Malaysia. KLCI inched up 1.8 pts to 1574 after hovering within a tight 1571.2-1577.6 band as investors weighed on the latest S&P affirmation of Malaysia's sovereign credit ratings and the Fed’s latest policy shift. About 5.9bn securities were traded for RM3.1bn, compared with 6bn shares worth RM2.8bn last Monday whilst market breadth was positive as 528 gainers beat 481 losers. Domestic institutions emerged as the major net buyers with net inflows of RM61m (45% of trading value; 5D: -RM78m) followed by local retail investors (+RM81m; 38.2% of trading value; 5D: +RM387m).

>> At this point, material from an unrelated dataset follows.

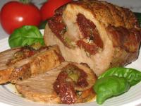 Schab faszerowany pomidorami Taki pyszny schab upiekła nam na święta Irena :grin: SKŁADNIKI: 1 kg schabu bez kości, słoik suszonych pomidorów w oleju, 4-5 łyżek marynowanych oliwek nadziewanych papryką, 2-3 ząbki czosnku, 2 łyżki masła, łyżka miodu, zioła prowansalskie, świeża bazylia, sól, pieprz SPOSÓB WYKONANIA: Mięso umyć, osuszyć, rozciąć wzdłuż dłuższego boku, nie przecinać do końca, tak, aby uzyskać prostokątny płat. Natrzeć z obu stron rozgniecionym czosnkiem, oprószyć ziołami prowansalskimi, solą i pieprzem. Odstawić pod przykryciem do lodówki na 1-2 h. Pomidory i oliwki osączyć z zalewy, ułożyć na płacie mięsa. Mięso mocno zwinąć w roladę, obwiązać bawełnianą nicią. Na patelni rozgrzać masło i obsmażyć mięso ze wszystkich stron. Ułożyć w brytfance, polać tłuszczem ze smażenia i wlać kilka łyżek wody. Piec w rozgrzanym piekarniku w temp. 180 st. C, często polewając sosem z pieczenia. 10 min. przed końcem pieczenia mięso posmarować miodem i posypać świeżo mielonym pieprzem. Gotową pieczeń wyjąć na półmisek, usunąć nici, pokroić na plastry. Udekorować listkami bazylii. Smacznego!!
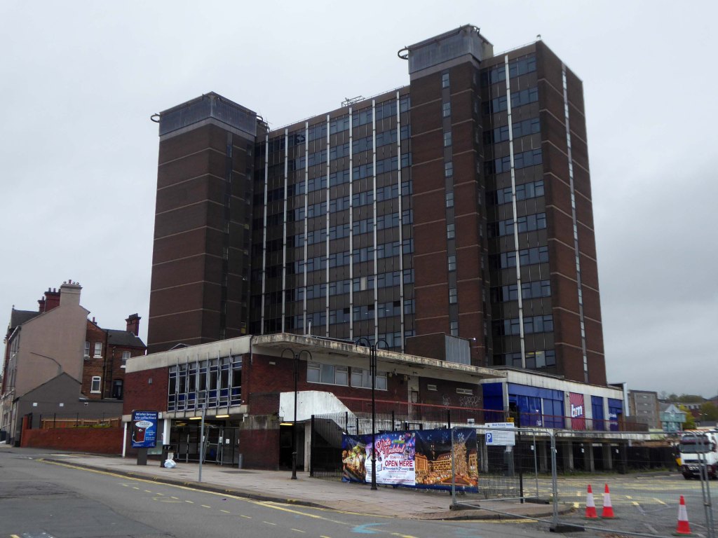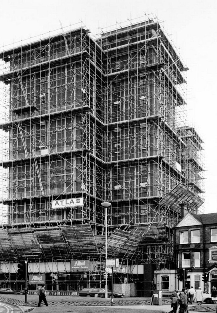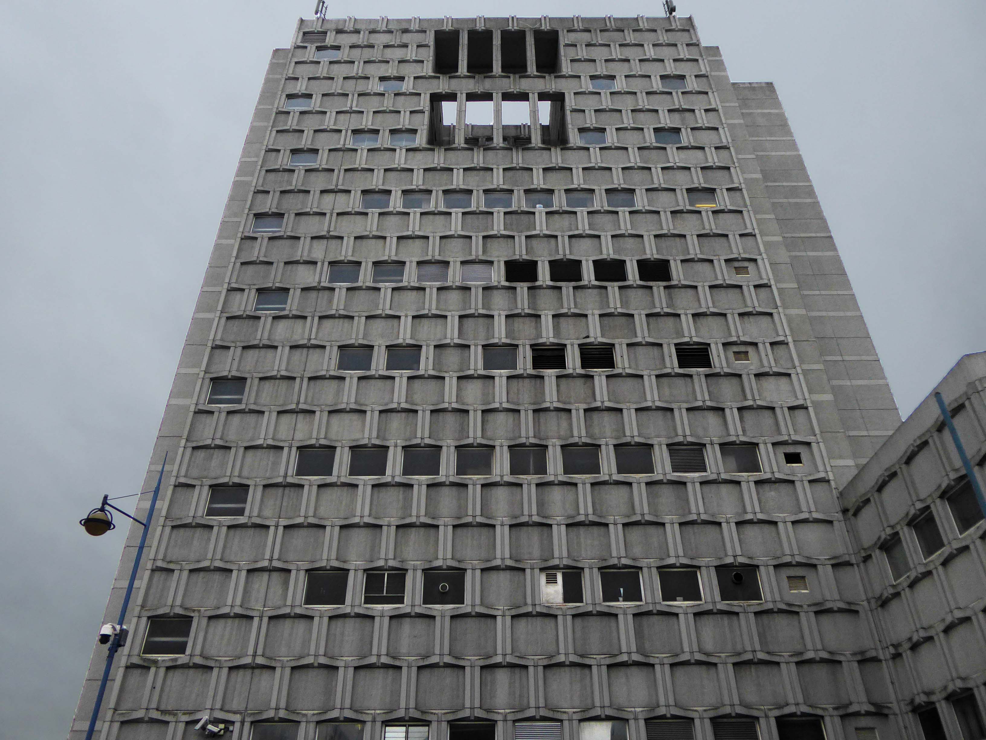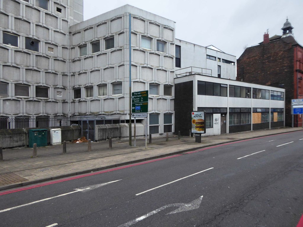 To the left the Manchester Civil Justice Centre 2007 by Denton Corker Marshall.

Meanwhile, foreigners resumed net selling for a 2nd day (-RM142m; 16.8% of trading value; 5D: -RM309m) after net buying RM76m last week.

TECHNICAL OUTLOOK: KLCI

As KLCI’s tepid rebound yesterday remains a tad below the key 200D SMA or 1577 levels, we reiterate our sideways consolidation view going forward until the congested resistances at 1590-1603 levels are taken out successfully. On the downside, key supports are situated at 1565-1552 zones. A decisive breakdown below 1552 (YTD low) may send the index lower towards 1545 (61.8% FR) and 1533 (20M SMA) levels.

MARKET OUTLOOK

Current KLCI’s range bound consolidation mode is here to stay for a while, as investors continue to weigh on the Fed’s latest policy shift, high Covid-19 cases nationwide and the impact of the FMCO extension to the economy and corporate earnings. However, more details on the National Recovery Plan (NRP) and potential mid-year window dressing activities could bring some excitement to the benchmark to recapture the key 1590-1603 congested resistances, as the government accelerates the nationwide vaccination programme with full vaccination rates to 40% target by Sep/Oct and 60% by Nov/Dec.